Cash and Cash Equivalents & Current Financial Investments to Revenue Ratio

The coefficient Cash and Cash Equivalents & Current Financial Investments to Revenue determines the sufficiency of cash at the enterprise. Cash flows as well as the balance of funds are very important for the analysis.

Alternative names of the indicator:

  • (CCЕ&CFinI) / R
  • Cash and Cash Equivalents & Current Financial Investments to Revenue

What Does the Indicator of Cash and Cash Equivalents & Current Financial Investments to Revenue Show?

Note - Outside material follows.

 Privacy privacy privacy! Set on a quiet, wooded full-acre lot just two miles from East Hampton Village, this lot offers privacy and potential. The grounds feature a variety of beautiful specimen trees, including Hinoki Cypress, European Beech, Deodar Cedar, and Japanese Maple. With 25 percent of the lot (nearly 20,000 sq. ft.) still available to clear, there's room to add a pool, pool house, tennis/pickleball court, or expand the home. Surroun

The indicator shows the sufficiency or redundancy of the company’s cash funds, which is determined by the impact of sales volume. Comparing cash, experts also take into consideration money on bank accounts that can be withdrawn within a few days. Some economists include to this category all highly liquid securities that can be converted into money within a month.

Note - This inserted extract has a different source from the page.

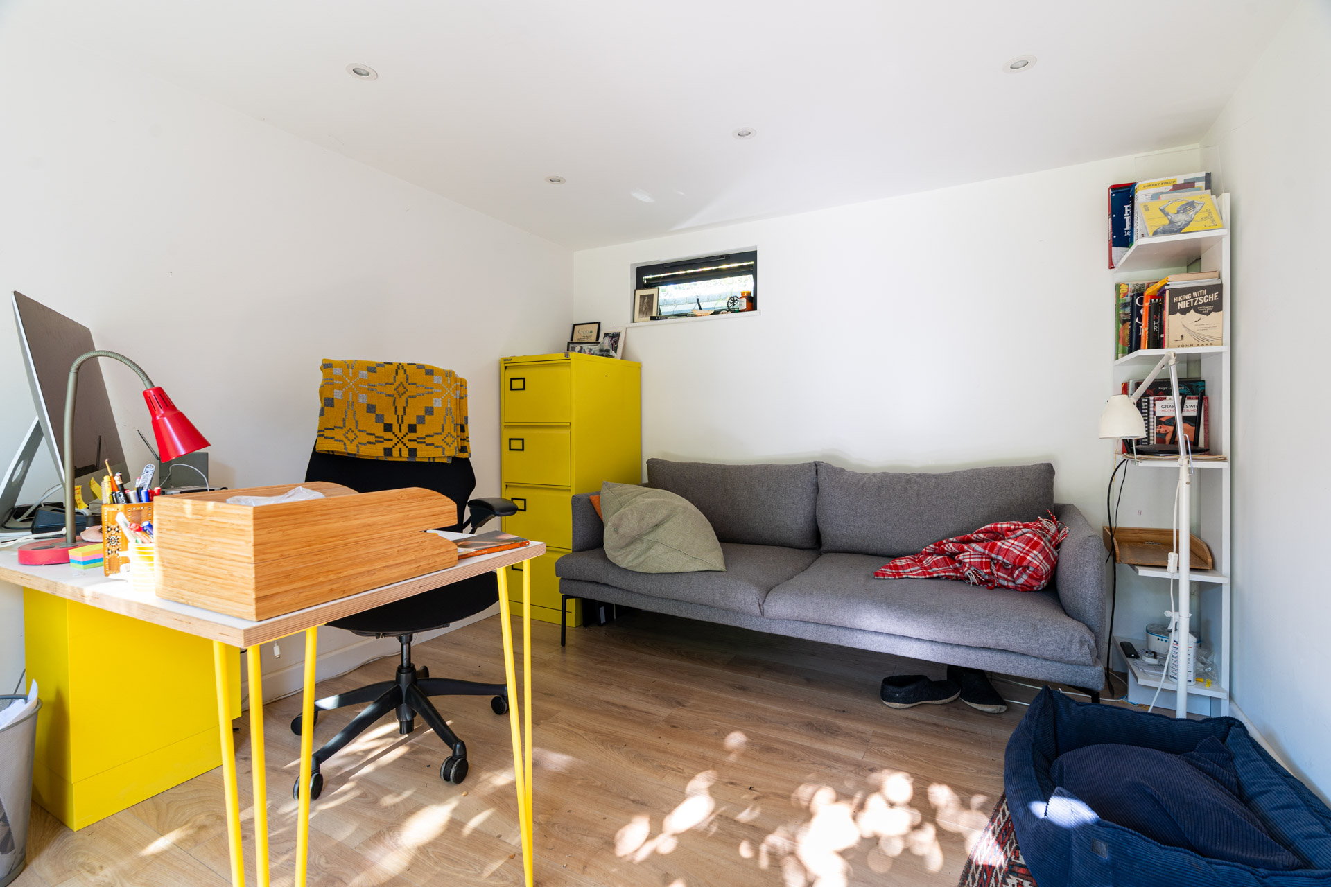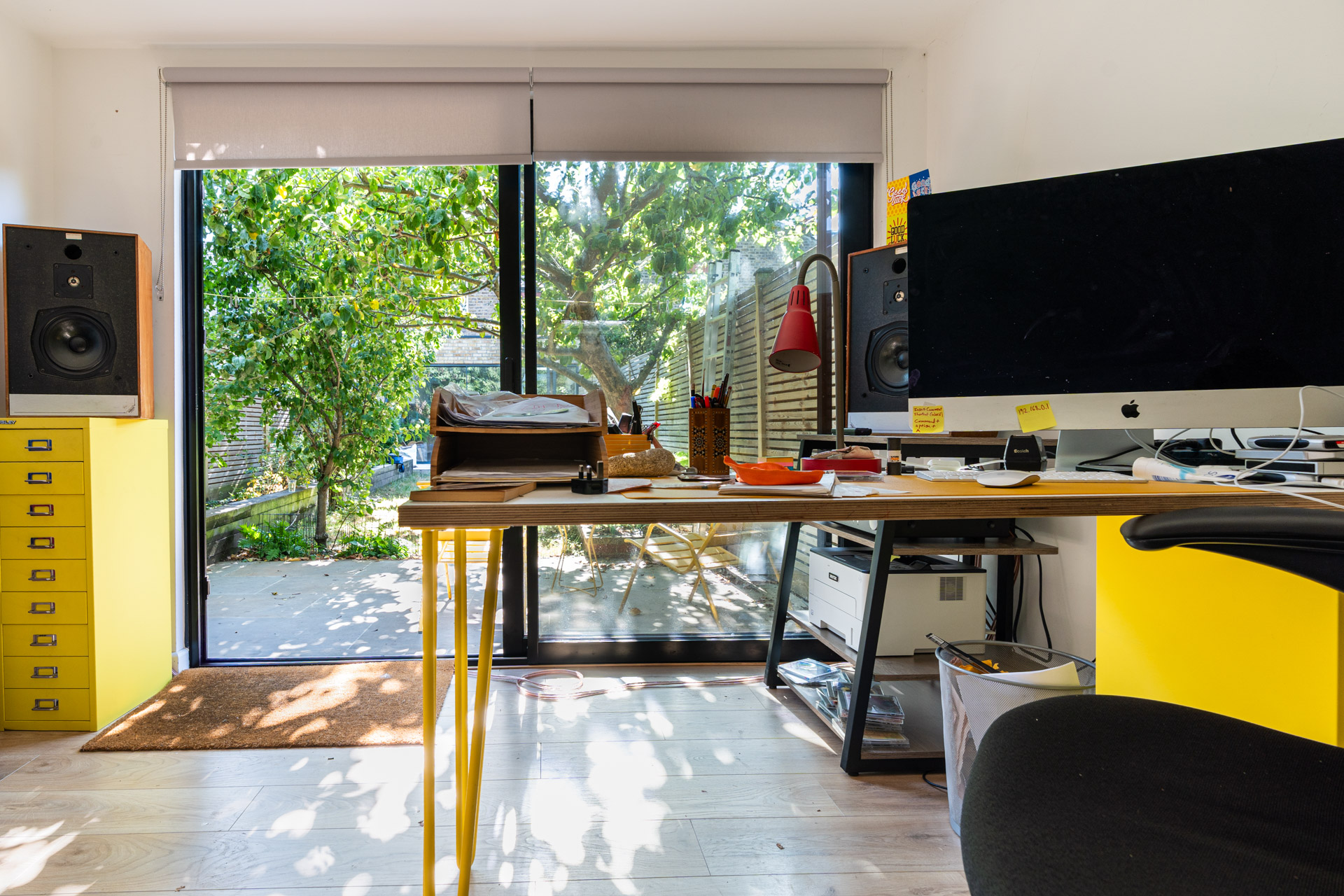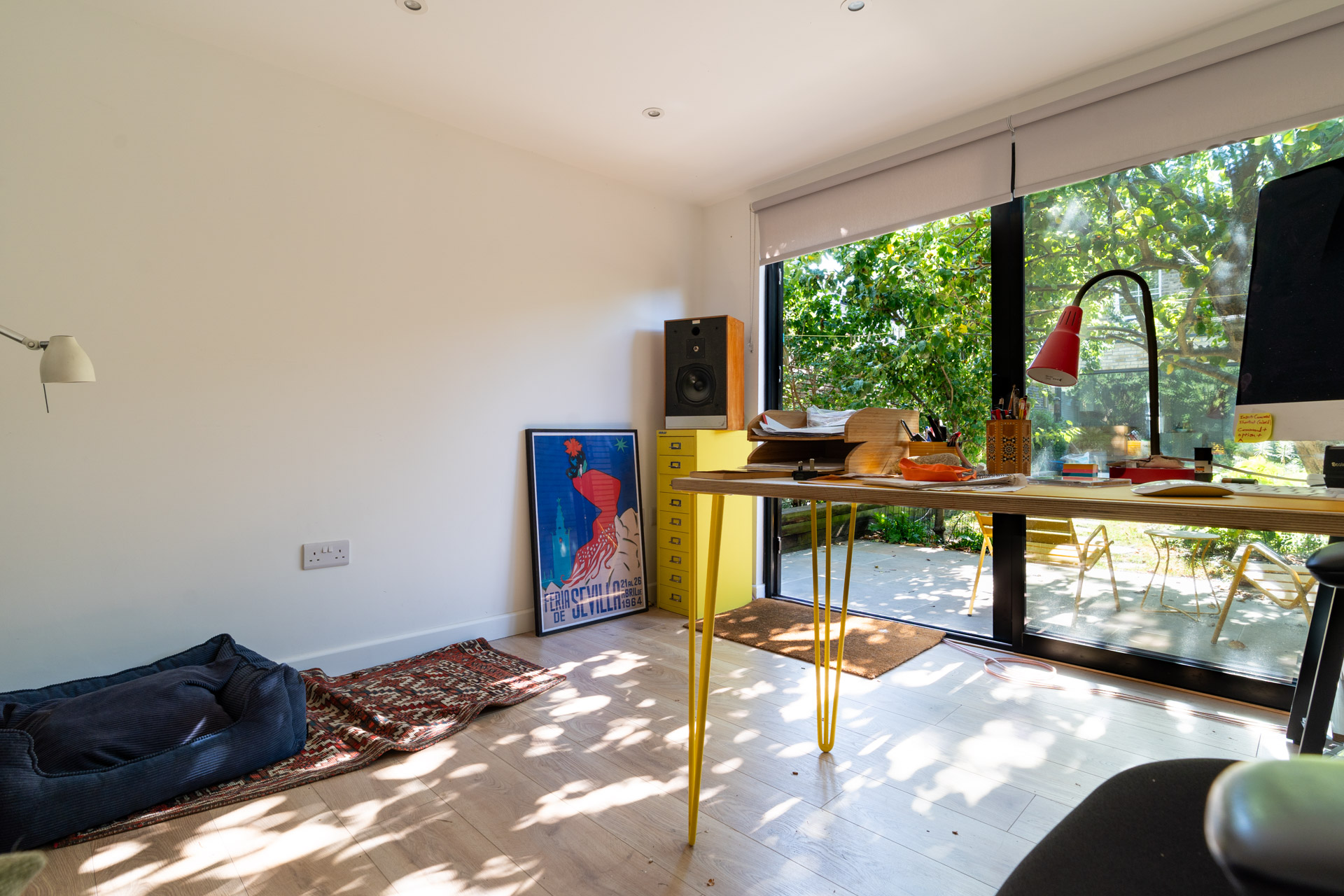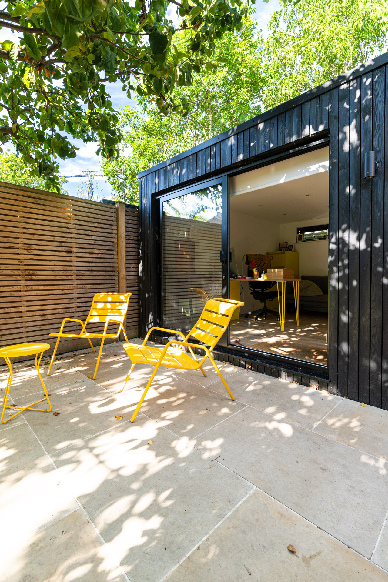 A garden office with a clear desk. No toys, no clutter. Just room to think.

Formula of the Indicator Cash and Cash Equivalents & Current Financial Investments to Revenue

The figure is determined as follows:

(CCE & CFinI) / R = (Cash surplus + Highly liquid securities) / Sales volume

Normative Value of the Indicator Cash and Cash Equivalents & Current Financial Investments to Revenue

The indicator should be investigated in comparison with the practice of the best companies and the average industry value. In fact, it is a rare situation when an enterprise preserves the amount of money that exceeds the volume of annual sales on its current account. Cash should be sufficient only to repay the urgent debt. The rest of the funds should work actively. That’s why not a low, but a high value of this indicator is critical for the company.